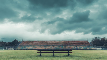 Football stadium with grass field and bench under cloudy sky, vintage filter
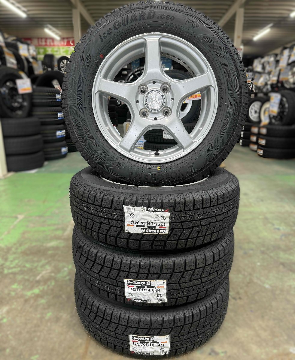 > ●ヤリス ポルテ etc 新品スタッドレス 175/70R14 ヨコハマ アイスガード iG60 2023年製+中古 14インチホイール + 4本セット!
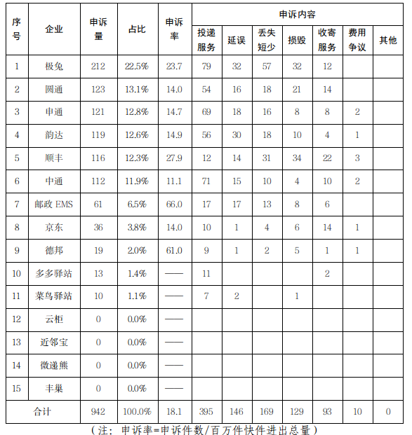 三、快递服务申诉情况
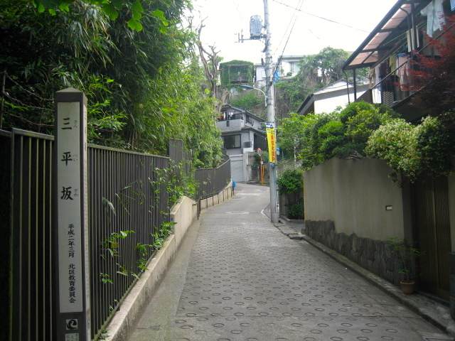 坂名の由来は、江戸時代の絵図にある三平村の名からとも、室町時代の古文書にある十条郷作人三平の名からともいわれている。農家の人が水田へ下る通路であったが、名主の滝への道としても利用されたようである。
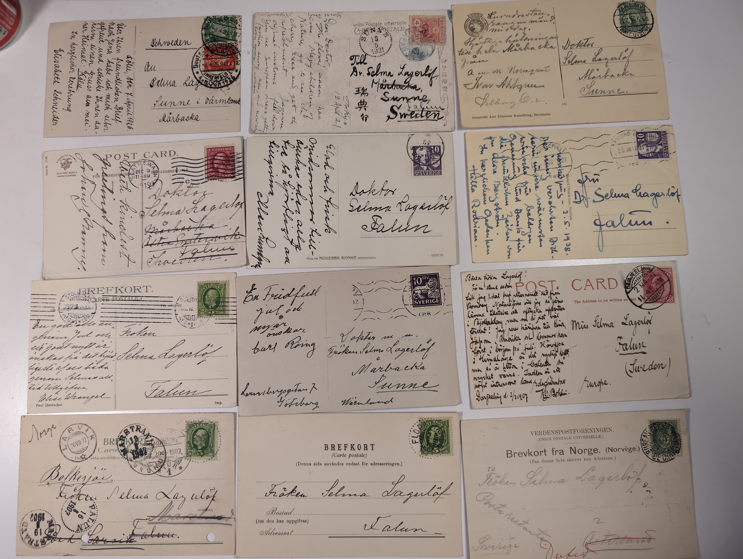 ALL WORLD, Mixed. Accumulation covers 1900–1950s in box. incl. Post Cards. very much related to Selma Lagerlöf and her family incl. one card written by Selma from Germany to her mother Lousie Lagerlöf, also 25+ cards sent to Selma. Please see a selection of scans at www.philea.se. Somewhat mixed quality. (300–400)
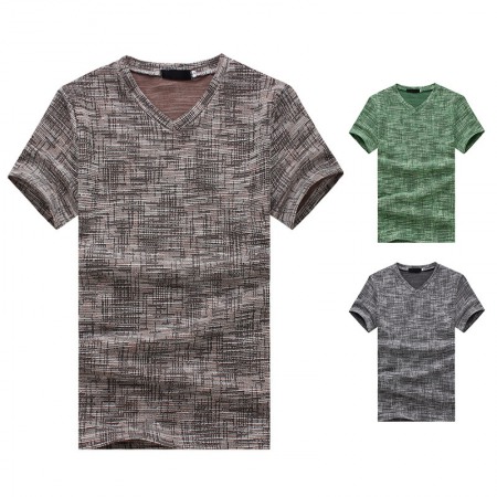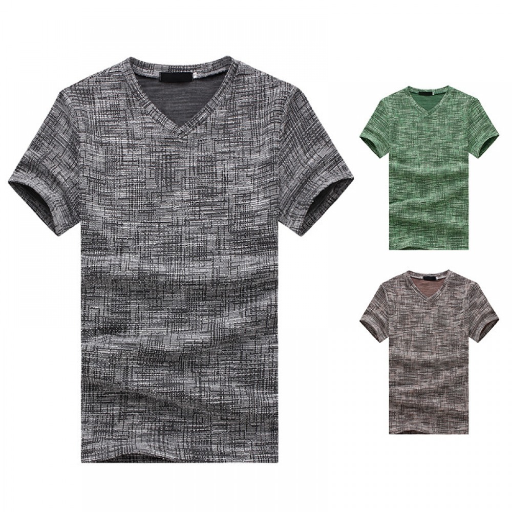 Summer Men's English Jacquard Fashion V-Neck Short-Sleeved T-Shirt

**WHAT TO WORK ON**: None of the pictures belong in the copy; repeat all other material exactly.

**ANSWER**:
 Football stadium with grass field and bench under cloudy sky, vintage filter
 > ●ヤリス ポルテ etc 新品スタッドレス 175/70R14 ヨコハマ アイスガード iG60 2023年製+中古 14インチホイール + 4本セット!
 三、快递服务申诉情况
 坂名の由来は、江戸時代の絵図にある三平村の名からとも、室町時代の古文書にある十条郷作人三平の名からともいわれている。農家の人が水田へ下る通路であったが、名主の滝への道としても利用されたようである。
 ALL WORLD, Mixed. Accumulation covers 1900–1950s in box. incl. Post Cards. very much related to Selma Lagerlöf and her family incl. one card written by Selma from Germany to her mother Lousie Lagerlöf, also 25+ cards sent to Selma. Please see a selection of scans at www.philea.se. Somewhat mixed quality. (300–400)
 Summer Men's English Jacquard Fashion V-Neck Short-Sleeved T-Shirt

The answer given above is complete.